Sr. Manager, Technical Product Marketing, Neo4j

April 7, 2026

11 min read

Why does bad weather in Atlanta end up canceling your flight all the way in Seattle? That’s the reality of a network. Air travel depends on a small number of highly connected hubs, and when one is disrupted, the effects cascade across the system, exposing dependencies you can’t see in a simple schedule.

Previously, you learned about how Aura Graph Analytics interfaces with Databricks. In this post, you’ll walk through a real example: loading flight route data in Databricks, projecting it as a graph with Aura Graph Analytics, and using a community detection algorithm (Weakly Connected Components), a centrality algorithm (Betweenness), and a pathfinding algorithm (Dijkstra’s Shortest Path) to find the hidden risky bottlenecks in the flight network — and reroute around them on the fly.

Mission Control

You will play the role of a data scientist working in logistics for a top international shipping company. Your team is tasked with monitoring and responding to changes in flights and how that might affect the flow of air cargo.

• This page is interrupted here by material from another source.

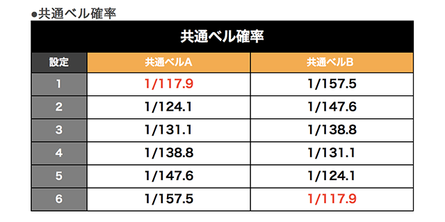チェリーと共通ベルの確率に設定差があるので実践時は要カウント。
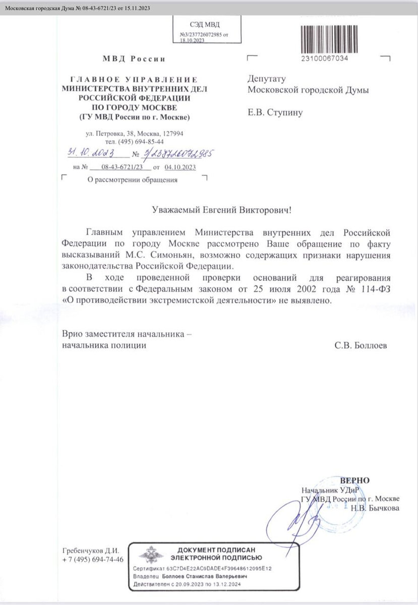 МВД не нашло признаков экстремизма в словах Маргариты Симоньян о ядерном взрыве над Сибирью ГУ МВД России по Москве не нашло признаков нарушения законодательства в словах главы RT Маргариты Симоньян о том, что будет после ядерного взрыва «где-нибудь над Сибирью». Об этом 20 ноября сообщил депутат Мосгордумы Евгений Ступин* (признан иноагентом). В начале октября 2023 года главный редактор RT и МИА «Россия сегодня» Маргарита Симоньян в авторской программе «Ч.Т.Д.» рассказала, ссылаясь на слова своего знакомого инженера-радиоэлектроника, что «если произвести взрыв в сотнях километров» над Сибирью, то вместо ядерной зимы люди вернутся в «год эдак 1993-й». Симоньян заявила, что в этот момент из строя выйдет радиоэлектроника и спутники. «Чудесно же жили», — уточнила тогда главред RT. Средства массовой информации, соцсети и некоторые политики восприняли заявление Маргариты Симоньян как призыв к ядерному удару. Тогда помощник депутата Ступина Николай Королев обратился в Следственный комитет и

It will be helpful to have an all-up view of the flight grid and a way to reroute traffic or find existing alternative flights if weather knocks an airport out of commission temporarily.

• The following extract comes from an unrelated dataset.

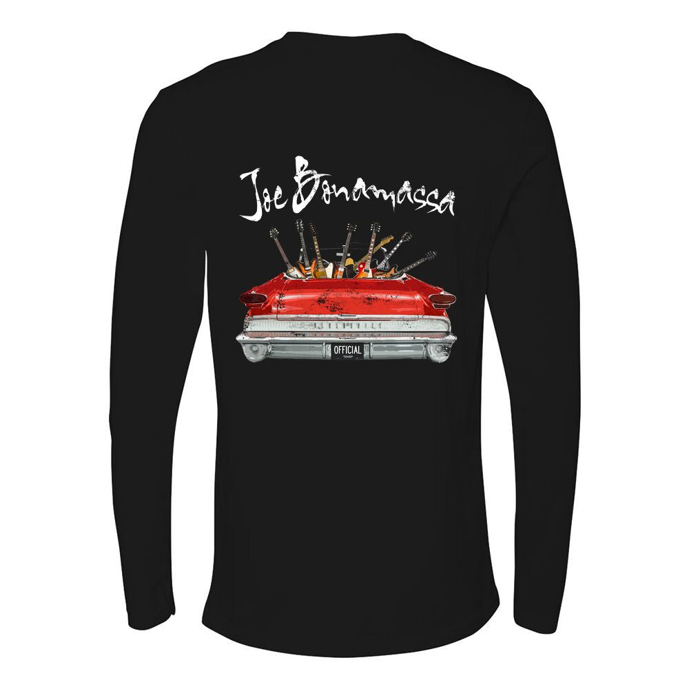 Hit the streets and promote your favorite blues guitarist - Joe Bonamassa! This design showcases a cool vintage car with all of Joe's favorite guitars sitting in the back seat looking fierce and ready to rock n roll!

Getting and Cleaning the Data

First, you need some data and a place to put it. Start by creating a demo database.

%sql
CREATE DATABASE IF NOT EXISTS hive_metastore.flights_demo;Code language: CSS (css)

Then add in airline routes from OpenFlights and save them as a delta table in our flights_demo database.

import requests
from pyspark.sql.functions import col

# Download the file content
response = requests.get("https://raw.githubusercontent.com/jpatokal/openflights/master/data/routes.dat")
content = response.text

# Write to DBFS
dbutils.fs.put("dbfs:/tmp/routes.dat", content, overwrite=True)

# Read into a dataframe
df = spark.read.csv(
    "dbfs:/tmp/routes.dat",
    header=False,
    inferSchema=True,
    sep=","
)

# Rename columns
df = df.toDF(
    "airline", "airline_id", "src_airport", "src_airport_id",
    "dst_airport", "dst_airport_id", "codeshare", "stops", "equipment"
)

# Save as a Delta table
df.write.format("delta").mode("overwrite").saveAsTable("hive_metastore.flights_demo.routes")

print("Done!")Code language: PHP (php)

Then you will do the same with the airports’ data!

# Download airports data
response = requests.get("https://raw.githubusercontent.com/jpatokal/openflights/master/data/airports.dat")
content = response.text

dbutils.fs.put("dbfs:/tmp/airports.dat", content, overwrite=True)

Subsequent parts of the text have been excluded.